One reason for Iraq’s current odds is the exclusion of seasoned experts, academics and scientists from leading the country’s redevelopment. Meanwhile, thousands of government officials, including ministers, members of parliament, and army and police generals, are said to have been using forged education certificates.
A large number of highly skilled scientists and highly educated secular-oriented managers have lost their positions and been forced to emigrate because they have had reservations about moving back to a country where they find themselves outmanoeuvred by corrupt, incompetent and conservative cronies.
Many Iraqi doctors, university professors and intellectuals now refuse to return to the country because they have received threats and their colleagues have been the targets of kidnappings and assassinations, sometimes by militias close to the country’s political parties.
The government says that some 350,000, or up to 17 per cent, of the two million Iraqis who have fled abroad in recent years and are living overseas have university degrees.
The government’s leaders have still fared worse in the security arena. Nearly two years after the US withdrawal, Iraq is still mired in sectarian violence, and waves of devastating attacks still hit cities across the country, targeting innocent citizens and creating a highly volatile environment.
In a report issued last week, the United Nations said that at least 3,226 civilians had been killed and more than 10,000 injured in acts of terrorism in 2012. The report said that some 1,057 Iraqis had been killed and 2,326 wounded in attacks in July alone.

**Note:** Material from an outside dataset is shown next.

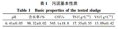 實驗所用污泥取自上海市閔行水處理運營有限公司產生的濃縮污泥,取回后立即放入 4 ℃冰箱中儲存。實驗污泥的基本性質如表 1 所示。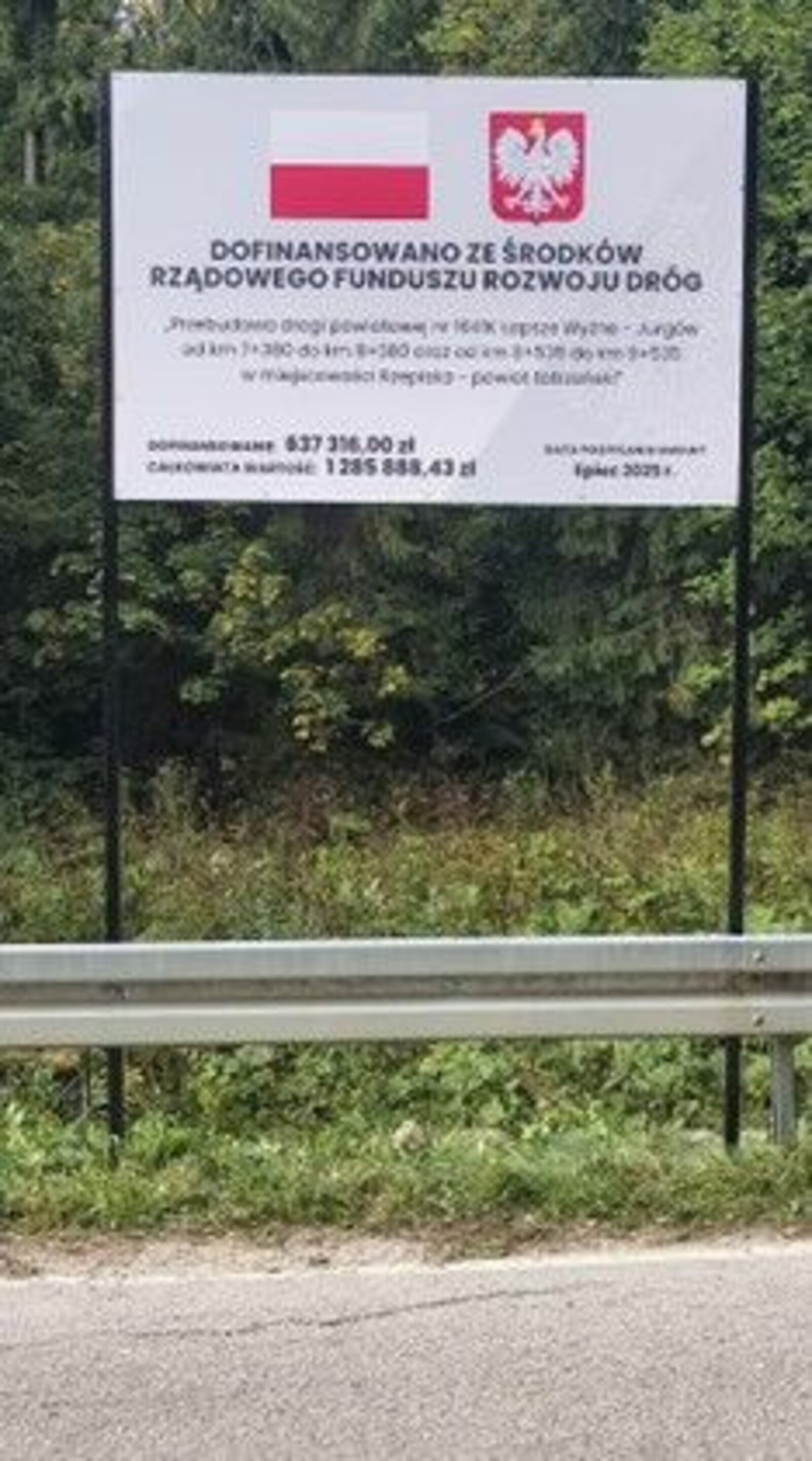 W dniu 1 września 2025 roku nastąpiło przekazanie placu budowy w/w firmie, która w ramach umowy m.in. wykona nową nawierzchnię jezdni oraz pobocza z kruszyw naturalnych. Ogółem wartość zadania wynosi 1 285 888,43 zł., w tym uzyskane dofinansowanie z Rządowego Funduszu Rozwoju Dróg wynosi 637 316,00 zł.

A bloody reminder of the failure of the Iraqi authorities to curb the violence that is threatening to spiral out of control was the wave of car-bombings that targeted Iraqis celebrating the end of Ramadan on Saturday, killing nearly 80 people and wounding dozens.
To add insult to injury, Baghdad Command, which is responsible for security in the capital and is supervised by Iraqi Prime Minister Nuri Al-Maliki, said that only two people had been killed and accused the news agencies of fabricating the figures.
Most of the blame seems to be directed against Al-Maliki, who is seen as being both incompetent and dictatorial in his leadership. Even the prime minister’s Shia allies have turned against him for his failure to include a wide range of views in the government and find effective working partners.
Many Iraqis believe that part of the disaster that has befallen their country lies in Al-Maliki’s failure to do anything to achieve national reconciliation. Instead of trying to build up independent institutions, such as the courts, the media, a neutral civil service, the army and the police, that check the power of government in democracies, Al-Maliki has done his best to undermine them.
There has been abundant evidence of corruption among his party and government leadership, and despite outcries by civil society and the media he has done little to alleviate the situation.
Last month, an estimated 500 Al-Qaeda terrorists escaped from a prison in Baghdad in a daring operation that many believe was assisted by insiders and corrupt security officials.
Although Al-Maliki swept to victory in the 2010 election that propelled him to a second term in office, there are signs that his popularity is declining, with increasing numbers of sit-ins across Shia cities in southern Iraq by protesters demanding his resignation.
The very size of the protests, along with their persistence and the fact that they are mostly Shia, shows that Al-Maliki’s opponents are not a small group of people discontented with the government’s wrongdoings, but instead are Shias who see the Shia rule of Iraq turning into the mother of all failures.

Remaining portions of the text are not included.